L'affranchissement du grand tabou.

Inceste

Étant donné qu’elle a fini de me raconter son histoire maman se lève et elle va préparer notre repas, non sans avoir refusé mon aide. Mais il faut dire qu’après avoir terminé mon deuxième verre de blanc je suis pompette, car même si je trouve mes idées toujours aussi claires, j’ai pu constater que ma langue est devenue plus lourde. C’est par conséquent d’une voix légèrement empâtée, que je lui demande tandis qu’elle s’active sans sembler pour sa part ressentir les effets de l’alcool :


 ― Mais t’en as fait beaucoup des photos et des films, M’man ?

 ― Des photos il m’arrive encore d’en faire, car le suis entrée dans la catégorie des milfs. Ce qui convient à certains, surtout aux hommes les plus jeunes. Mais je le fais pour mon plaisir et celui des mateurs, car financièrement parlant, en tant que patronne je m’en tire plutôt bien. 


 Puis elle ajoute, après avoir poussé un gros soupir :


 ― En plus, à chaque fois ça me rappelle ton père, car c’est avec lui que j’ai commencé.


 Ensuite elle continue, tandis que je l’écoute religieusement : 


 ― Des films on en a fait deux, avant de monter notre propre société de production. Car si je n’ai jamais eu la cote de Clara Morgane, qui soit dit en passant n’avait pas encore commencé sa carrière d’actrice mais faisait alors du mannequinat, nous formions François et moi plus connu sous le nom de Bill Boquet, un couple très attrayant. Notre popularité bien entendu toute relative, nous a permis de ne pas prendre trop de risques, lorsque nous avons décidé de devenir indépendants. 

 ― Et toi, c’est quoi ton nom d’artiste ? 

 ― Lady Klit, que nous avons choisi à cause de ma particularité physique dont tu as probablement hérité. Vu que ta grand-mère qui s’épile elle aussi est faite comme moi, si bien que notre petit bourgeon sort prendre l’air quand nous sommes excitées. Même debout avec les jambes serrées. 


χ χ


 Sans réfléchir je pose ma main en haut de mes cuisses pour constater que la génétique a joué son rôle, puisque effectivement tout ce que ma maman m’a raconté ne m’a pas laissée indifférente, et que mon propre clitoris a montré le bout de son nez. Même si je ne m’en étais pas rendue compte, car depuis déjà un bon moment mes émotions tourbillonnent dans ma tête, et elles ont fait passer mes sensations physiques au second plan. 
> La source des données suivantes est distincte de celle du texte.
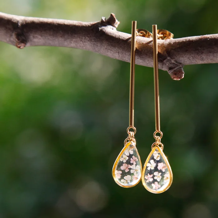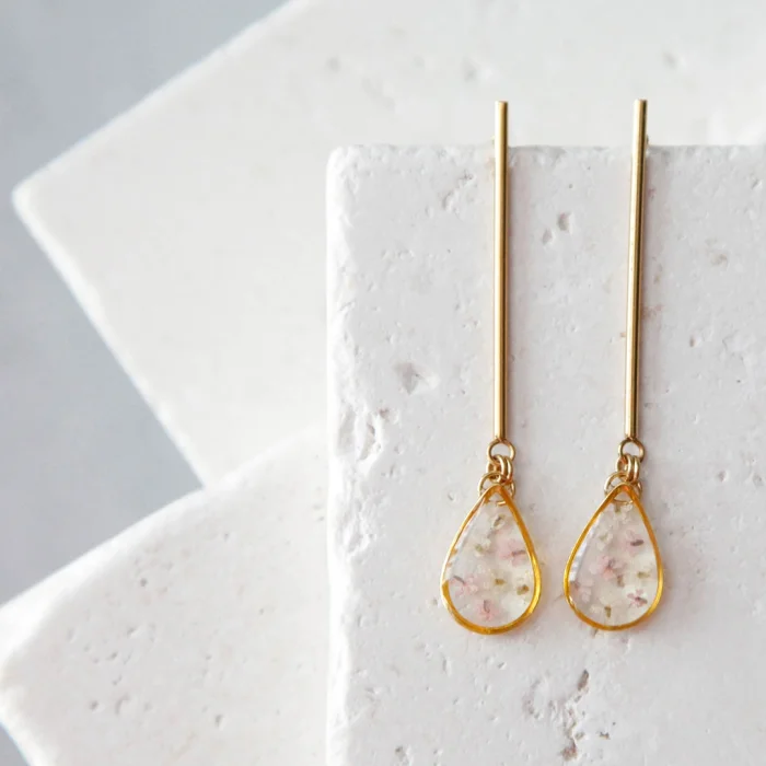 Stainless steel & resin earrings with dried real queen anne's lace flowers inside.12 mm x 55 mm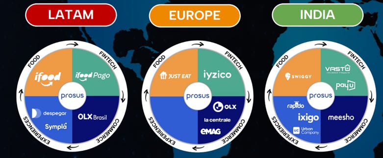 Prosus is bundling it’s subsidiary (and equity investment) companies products and services together into lifestyle ecommerce systems or super app[15] offerings. They are focusing on three key regional ecosystems; Latin America, Europe, and India.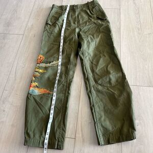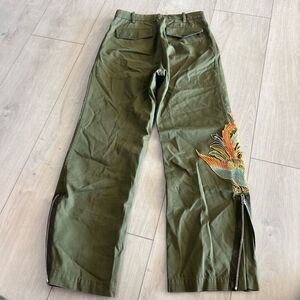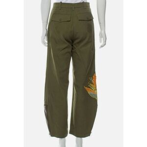Sandro Glenwood Embroidered Wide-leg Pants in Olive Green Size 36
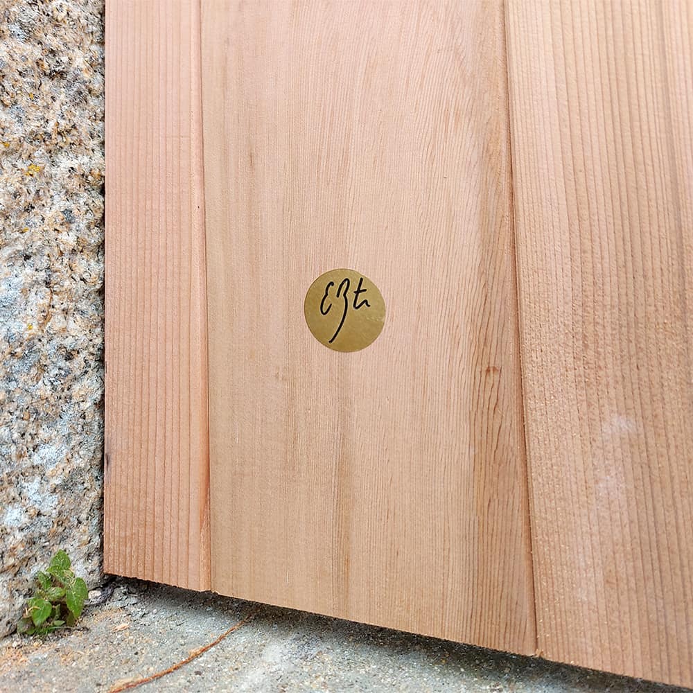 Le portail a été réalisé en Red Cedar, un bois reconnu pour sa résistance et son élégance. Avec le temps, il prend une patine gris argenté naturelle, parfaitement adaptée à l’environnement marin.

 Je n’en suis pas troublée outre mesure, après tout bien que je l’ignorais jusqu’à présent je suis la fille d’une actrice porno, et cette dernière qui n’a pas remarqué mon geste parce que le bas de mon corps lui est caché par le comptoir américain, continue :


 ― Mais ce n’est pas ma seule particularité, parce qu’il faut que tu saches que pour la vingtaine de films qui ont suivi, j’avais attrapé le ballon. 

 ― Attrapé le ballon ?

 ― Exactement. Pour les cinq premiers j’étais enceinte de Lucas, de cinq, six, sept, huit et neuf mois. On a ensuite fait pareil lorsque j’attendais Léo, puis Louis, et enfin toi ma Petite Caille. 

 ― Pour de bon ?!?

― Oui, pour de bon. C’est en quelque sorte devenu ma spécialité, on m’avait surnommée la Maman Baiseuse, et après mon quatrième accouchement j’ai arrêté de tourner. 


 Cette fois je suis carrément scotchée, et elle en profite pour enfoncer le clou en ajoutant :


 ― Tu te souviens que je t’ai dit tout à l’heure, que Lucas et Manon ont adopté mon mode de vie ?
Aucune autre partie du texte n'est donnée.